A fourth answer is that beamforming refers to the formation of a beam in a particular angular direction, while precoding refers to any type of transmission from an antenna array. This definition essentially limits the use of beamforming to line-of-sight (LoS) communications, because when transmitting to a non-line-of-sight (NLoS) user, the transmitted signal might not have a clear angular directivity. The emitted signal is instead matched to the multipath propagation so that the multipath components that reach the user add constructively.

A fifth answer is that precoding consists of two parts: choosing the directivity (beamforming) and choosing the transmit power (power allocation).

I used to use the word beamforming in its widest meaning (i.e., the first answer), as can be seen in my first book on the topic. However, I have since noticed that some people have a more narrow or specific interpretation of beamforming. Therefore, I nowadays prefer only talking about precoding. In Massive MIMO, I think that precoding is the right word to use since what I advocate is a fully digital implementation, where the phases and powers can be jointly designed to achieve high capacity through spatial multiplexing of many users, in both NLoS and LOS scenarios.

13 thoughts on “What is the Difference Between Beamforming and Precoding?”

    1. Yes, that is what I meant. You are right that it is important to say this explicitly when dealing with multi-antenna communications. I have updated the text. Thank you!

  1. I think “Massive Precoding” would make more sense as “Precoding” is well known already in classical MIMO. By classical MIMO I mean non-massive MIMO.

  2. Maybe a pseudo sixth answer is that precoding can be viewed as beamforming in the eigen direction of the channel rather than in any physical angular direction! However, in the TDD based massive MIMO with fewer resolvable paths (say mmWave) is it possible to set the downlink precoder as the steering matrix containing the angles of arrival estimated in the uplink? In that case, I think, the precoder maximizing the achievable rate and ‘conventional’ beamformer become similar!

    1. You are right, eigenbeamforming is a terminology that is being used even when the eigenvector does not correspond to correspond to a physical direction.
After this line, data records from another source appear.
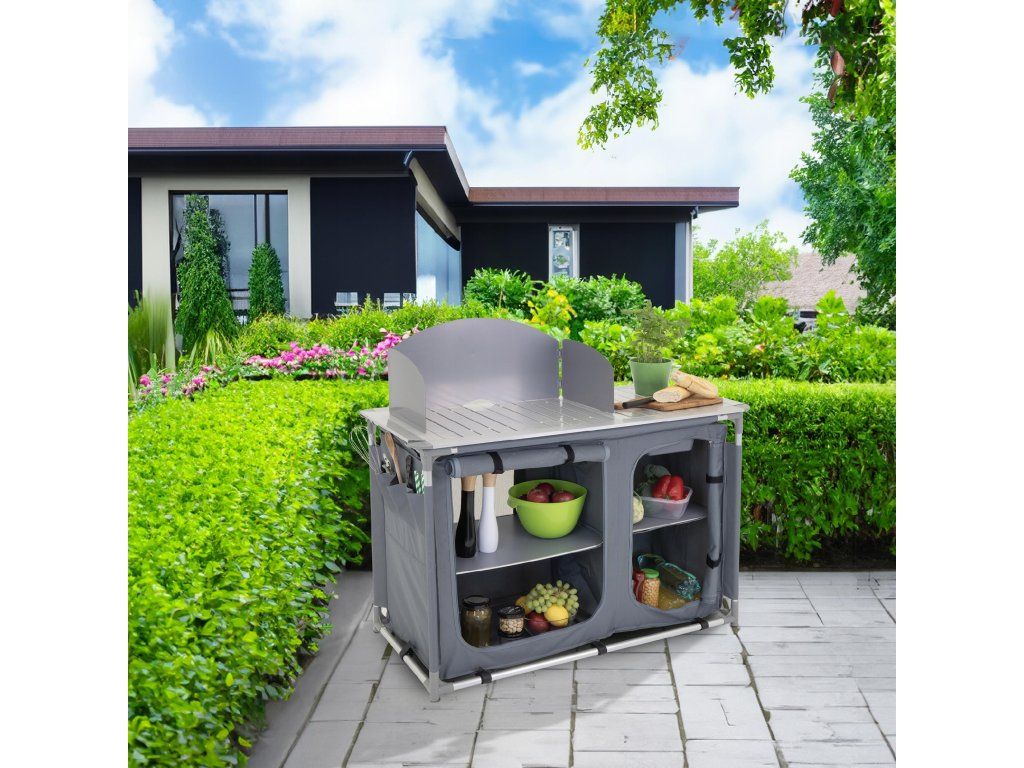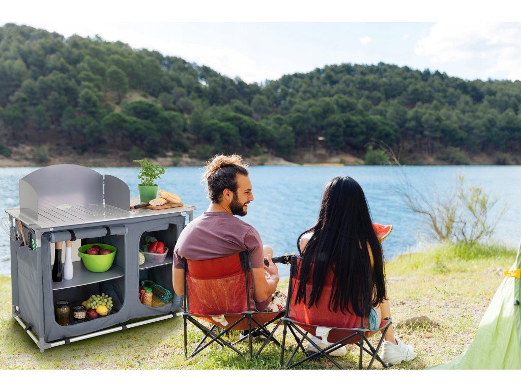 Běžné kempingové stoly slouží pouze k odložení věci, tato skládací turistická kuchyně nabízí skutečné řešení pro vaření, přípravu jídel i úschovu nádobí přímo v exteriéru.
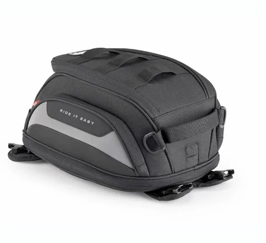 Laukku voidaan kiinnittää metallisäiliöllisiin moottoripyöriin neljällä integroidulla magneetilla tai vaihtoehtoisesti mukana toimitetuilla hihnoilla; molemmat ratkaisut takaavat parhaan mahdollisen vakauden ajon aikana ja yhteensopivuuden useimpien markkinoilla olevien moottoripyörien kanssa.
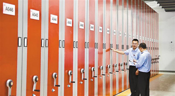 在申江萬國河北數(shù)據(jù)信息有限公司,工作人員正在盤點(diǎn)檔案。
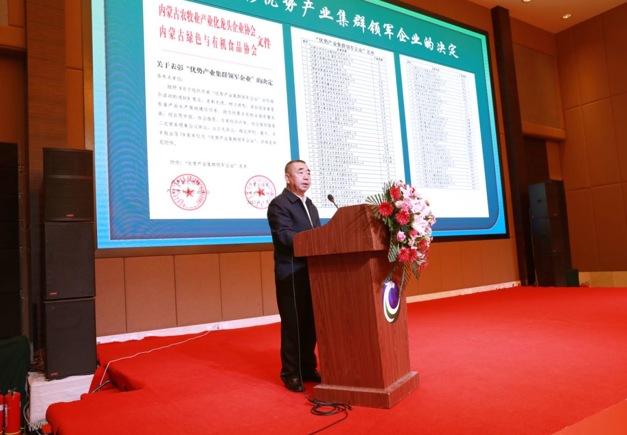 內(nèi)蒙古農(nóng)牧業(yè)產(chǎn)業(yè)化龍頭企業(yè)協(xié)會(huì)執(zhí)行秘書(shū)長(zhǎng)呼群宣讀表彰決定
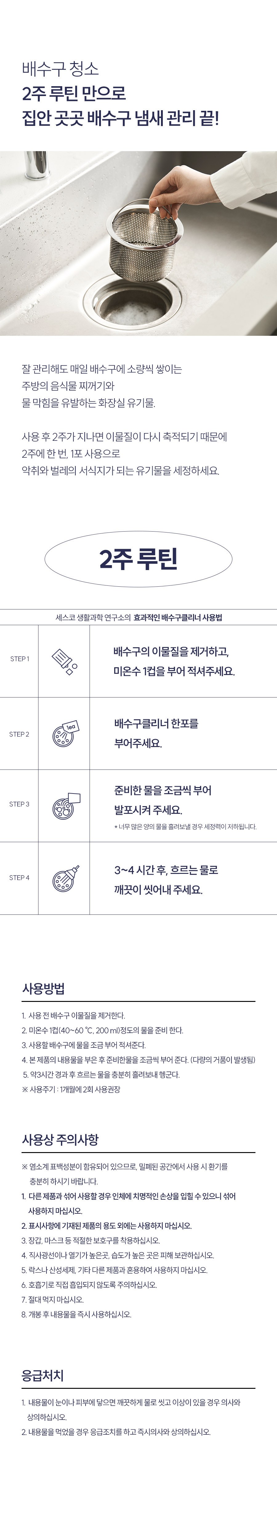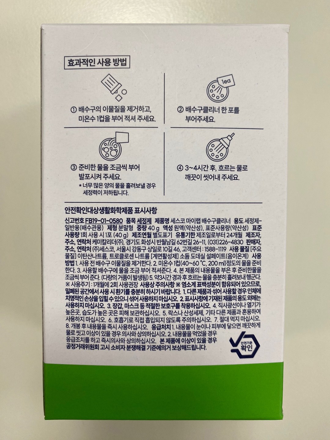 | 품목 및 제품명 | 세정제/세스코 마이랩 배수구 클리너 | 용도(표백제의 경우 계열을 함께표시) 및 제형 | 세정제-일반용(배수관용)/분말형 |
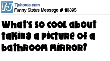 - # 108774 When taking a picture of your mirror for posting it on facebook, please try to angle your camera a little or you'll end up in the picture. I see this mistake a lot
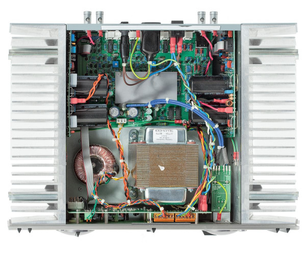 W konstrukcji obudowy nie ma typowej ramy, specjalną rolę mechaniczną odgrywają dwa bloki radiatorów tworzących boczne ścianki, do których przykręcono przednią i tylną płytę. Transformator rdzeniowy zasilają końcówki mocy; mniejszy toroidalny dedykowano przedwzmacniaczowi, którego niewielka płytka znajduje się przy dolnej ściance.
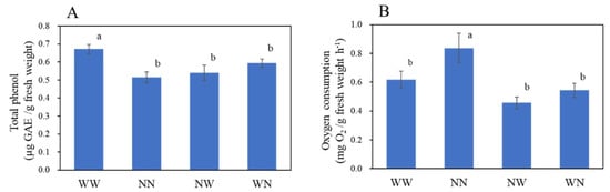 Total phenol content (A) and oxygen consumption (B) of fibrous roots of hydroponic radish at 14 days after the start of the experiment. Vertical bars represent the means ± SE (n = 8). Different letters indicate significant differences among the treatments at p < 0.05 by Tukey–Kramer’s test. WW, nutrient deficiency for 14 days; NN, full nutrient for 14 days; NW, nutrient deficiency for the last 7 days; WN, nutrient deficiency for the first 7 days.
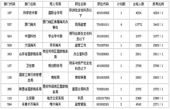四、2010年国家公务员考试竞争最激烈的十大职位

      If there is only a small number of resolvable paths, I think that the optimal precoder will be a linear combination of the steering vectors for the angles of arrivals of these paths. If the angles are all similar, the resulting beam will be almost as the steering vector of one of the angles. If the angles are very different, none of the steering vectors will be a good match.

  3. With analog beamforming, changing the phase of each antenna will create a specific antenna pattern pointing to a certain direction. I am wondering if the same happens with digital beamforming?

    1. Any analog beamforming can be implemented by digital beamforming, but the opposite is not true.

      With digital beamforming you can create antenna patterns that are not achievable with analog beamforming. It will basically be a superposition of any number of analog beams, resulting in an antenna pattern that might not have a distinct direction. For example, it can be tailored to a user channel to provide a strong signal in a non-line-of-sight situation (with many multipath components in different directions). In addition to that, you can assign different antenna patterns to different parts of the frequency spectrum, while analog beamforming must assign the same phases to the entire frequency band.

  4. I wonder that how can we get different directivity in different parts of the bands when phases of the signals are fixed?
    Please, explain in more detail.

    1. That is not possible and this is one of the key limitations of analog beamforming. If you have a strongly frequency-selective channel (e.g., non-line-of-sight propagation) you need different directivity in different parts of the band, which can be achieved by digital beamforming but not by analog beamforming.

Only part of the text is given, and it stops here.